Instructions to follow:
Working from the records below, repeat exactly the lines starting at the line that contains "في قوله أنه" and ending at the line that contains "The real seismic", inclusive.

*** Data for review Section Begins ***

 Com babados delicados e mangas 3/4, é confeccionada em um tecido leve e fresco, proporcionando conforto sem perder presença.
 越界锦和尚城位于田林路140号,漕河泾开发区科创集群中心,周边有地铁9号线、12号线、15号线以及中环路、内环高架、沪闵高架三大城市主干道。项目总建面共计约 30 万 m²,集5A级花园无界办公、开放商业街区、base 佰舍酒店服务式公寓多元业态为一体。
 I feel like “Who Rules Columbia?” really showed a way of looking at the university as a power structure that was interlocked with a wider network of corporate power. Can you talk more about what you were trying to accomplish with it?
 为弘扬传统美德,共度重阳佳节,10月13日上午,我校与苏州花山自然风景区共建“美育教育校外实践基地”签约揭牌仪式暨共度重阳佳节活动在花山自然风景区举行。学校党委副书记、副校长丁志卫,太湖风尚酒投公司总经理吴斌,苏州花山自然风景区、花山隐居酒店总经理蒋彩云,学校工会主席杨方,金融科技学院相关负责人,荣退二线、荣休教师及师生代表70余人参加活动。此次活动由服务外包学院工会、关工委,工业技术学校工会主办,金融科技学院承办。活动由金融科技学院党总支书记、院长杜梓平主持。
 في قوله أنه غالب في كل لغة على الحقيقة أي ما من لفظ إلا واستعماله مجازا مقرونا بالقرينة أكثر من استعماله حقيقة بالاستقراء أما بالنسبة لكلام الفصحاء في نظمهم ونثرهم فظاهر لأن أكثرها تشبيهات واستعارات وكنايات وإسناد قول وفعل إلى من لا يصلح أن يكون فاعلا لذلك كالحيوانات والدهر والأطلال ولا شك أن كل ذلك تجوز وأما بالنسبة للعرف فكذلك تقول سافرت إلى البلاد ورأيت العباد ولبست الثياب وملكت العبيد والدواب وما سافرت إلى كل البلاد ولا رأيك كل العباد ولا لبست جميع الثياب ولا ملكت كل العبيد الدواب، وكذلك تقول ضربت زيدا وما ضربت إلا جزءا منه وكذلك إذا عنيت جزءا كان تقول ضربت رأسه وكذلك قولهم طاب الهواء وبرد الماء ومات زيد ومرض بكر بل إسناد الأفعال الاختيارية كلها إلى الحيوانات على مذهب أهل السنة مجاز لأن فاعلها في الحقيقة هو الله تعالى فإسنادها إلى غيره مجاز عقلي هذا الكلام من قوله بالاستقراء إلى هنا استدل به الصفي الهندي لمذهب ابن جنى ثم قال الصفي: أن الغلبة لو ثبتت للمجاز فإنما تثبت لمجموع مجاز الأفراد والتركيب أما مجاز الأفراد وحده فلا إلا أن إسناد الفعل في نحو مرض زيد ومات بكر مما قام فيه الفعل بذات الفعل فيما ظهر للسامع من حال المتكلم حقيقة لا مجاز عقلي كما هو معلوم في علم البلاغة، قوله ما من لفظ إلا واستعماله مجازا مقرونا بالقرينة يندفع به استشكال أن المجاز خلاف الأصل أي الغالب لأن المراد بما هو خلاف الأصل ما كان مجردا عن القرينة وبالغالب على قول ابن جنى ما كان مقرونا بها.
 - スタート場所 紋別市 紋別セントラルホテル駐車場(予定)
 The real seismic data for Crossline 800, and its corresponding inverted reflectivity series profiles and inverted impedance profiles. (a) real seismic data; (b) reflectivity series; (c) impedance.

*** Data for review Section Ends ***
*** Data for review Section Begins ***

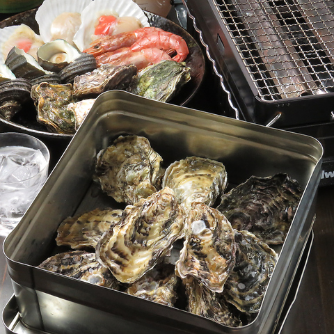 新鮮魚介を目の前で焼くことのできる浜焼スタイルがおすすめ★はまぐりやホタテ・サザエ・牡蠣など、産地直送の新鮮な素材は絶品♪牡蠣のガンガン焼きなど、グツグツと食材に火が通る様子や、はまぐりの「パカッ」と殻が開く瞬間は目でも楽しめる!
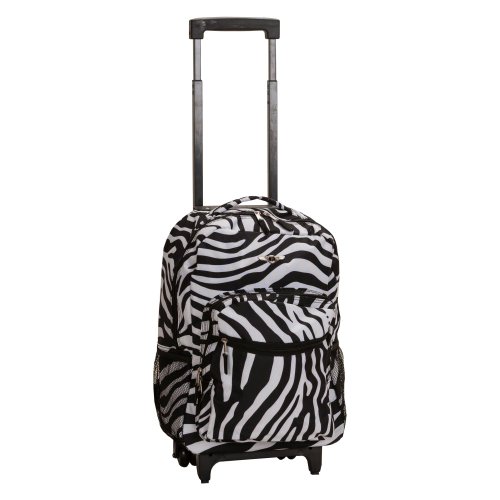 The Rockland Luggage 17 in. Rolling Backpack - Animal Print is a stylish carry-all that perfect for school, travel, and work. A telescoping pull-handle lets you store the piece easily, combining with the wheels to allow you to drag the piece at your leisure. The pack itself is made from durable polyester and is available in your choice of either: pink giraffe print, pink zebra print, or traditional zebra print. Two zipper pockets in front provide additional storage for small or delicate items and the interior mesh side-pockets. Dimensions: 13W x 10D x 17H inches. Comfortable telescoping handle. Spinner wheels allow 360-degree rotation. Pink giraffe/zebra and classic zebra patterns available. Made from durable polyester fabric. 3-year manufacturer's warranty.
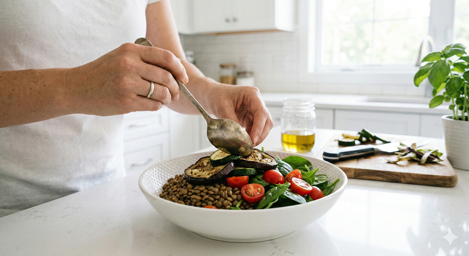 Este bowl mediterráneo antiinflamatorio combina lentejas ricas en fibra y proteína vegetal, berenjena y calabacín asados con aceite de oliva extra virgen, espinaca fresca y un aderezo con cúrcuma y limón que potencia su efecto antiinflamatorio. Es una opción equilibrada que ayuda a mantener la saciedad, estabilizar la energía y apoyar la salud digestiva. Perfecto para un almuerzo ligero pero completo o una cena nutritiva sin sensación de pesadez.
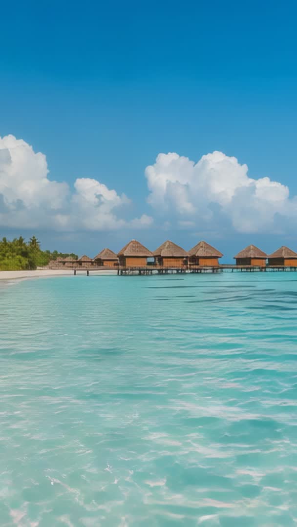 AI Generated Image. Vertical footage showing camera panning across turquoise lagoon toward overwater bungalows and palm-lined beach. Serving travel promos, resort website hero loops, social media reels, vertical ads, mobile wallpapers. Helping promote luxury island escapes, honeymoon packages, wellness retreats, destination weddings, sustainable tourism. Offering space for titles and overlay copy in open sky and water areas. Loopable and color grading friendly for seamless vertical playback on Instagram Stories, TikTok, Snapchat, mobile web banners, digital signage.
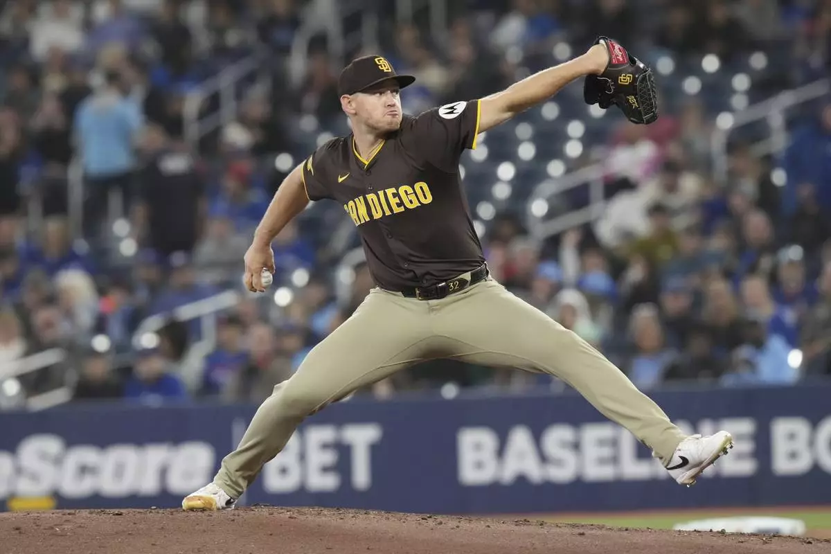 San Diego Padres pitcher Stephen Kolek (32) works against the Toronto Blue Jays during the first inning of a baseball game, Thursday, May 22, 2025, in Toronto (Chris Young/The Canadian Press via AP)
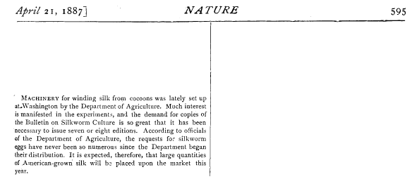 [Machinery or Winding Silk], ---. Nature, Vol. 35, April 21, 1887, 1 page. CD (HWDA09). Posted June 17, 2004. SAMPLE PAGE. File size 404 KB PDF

*** Data for review Section Ends ***

Result of this task:
 في قوله أنه غالب في كل لغة على الحقيقة أي ما من لفظ إلا واستعماله مجازا مقرونا بالقرينة أكثر من استعماله حقيقة بالاستقراء أما بالنسبة لكلام الفصحاء في نظمهم ونثرهم فظاهر لأن أكثرها تشبيهات واستعارات وكنايات وإسناد قول وفعل إلى من لا يصلح أن يكون فاعلا لذلك كالحيوانات والدهر والأطلال ولا شك أن كل ذلك تجوز وأما بالنسبة للعرف فكذلك تقول سافرت إلى البلاد ورأيت العباد ولبست الثياب وملكت العبيد والدواب وما سافرت إلى كل البلاد ولا رأيك كل العباد ولا لبست جميع الثياب ولا ملكت كل العبيد الدواب، وكذلك تقول ضربت زيدا وما ضربت إلا جزءا منه وكذلك إذا عنيت جزءا كان تقول ضربت رأسه وكذلك قولهم طاب الهواء وبرد الماء ومات زيد ومرض بكر بل إسناد الأفعال الاختيارية كلها إلى الحيوانات على مذهب أهل السنة مجاز لأن فاعلها في الحقيقة هو الله تعالى فإسنادها إلى غيره مجاز عقلي هذا الكلام من قوله بالاستقراء إلى هنا استدل به الصفي الهندي لمذهب ابن جنى ثم قال الصفي: أن الغلبة لو ثبتت للمجاز فإنما تثبت لمجموع مجاز الأفراد والتركيب أما مجاز الأفراد وحده فلا إلا أن إسناد الفعل في نحو مرض زيد ومات بكر مما قام فيه الفعل بذات الفعل فيما ظهر للسامع من حال المتكلم حقيقة لا مجاز عقلي كما هو معلوم في علم البلاغة، قوله ما من لفظ إلا واستعماله مجازا مقرونا بالقرينة يندفع به استشكال أن المجاز خلاف الأصل أي الغالب لأن المراد بما هو خلاف الأصل ما كان مجردا عن القرينة وبالغالب على قول ابن جنى ما كان مقرونا بها.
 - スタート場所 紋別市 紋別セントラルホテル駐車場(予定)
 The real seismic data for Crossline 800, and its corresponding inverted reflectivity series profiles and inverted impedance profiles. (a) real seismic data; (b) reflectivity series; (c) impedance.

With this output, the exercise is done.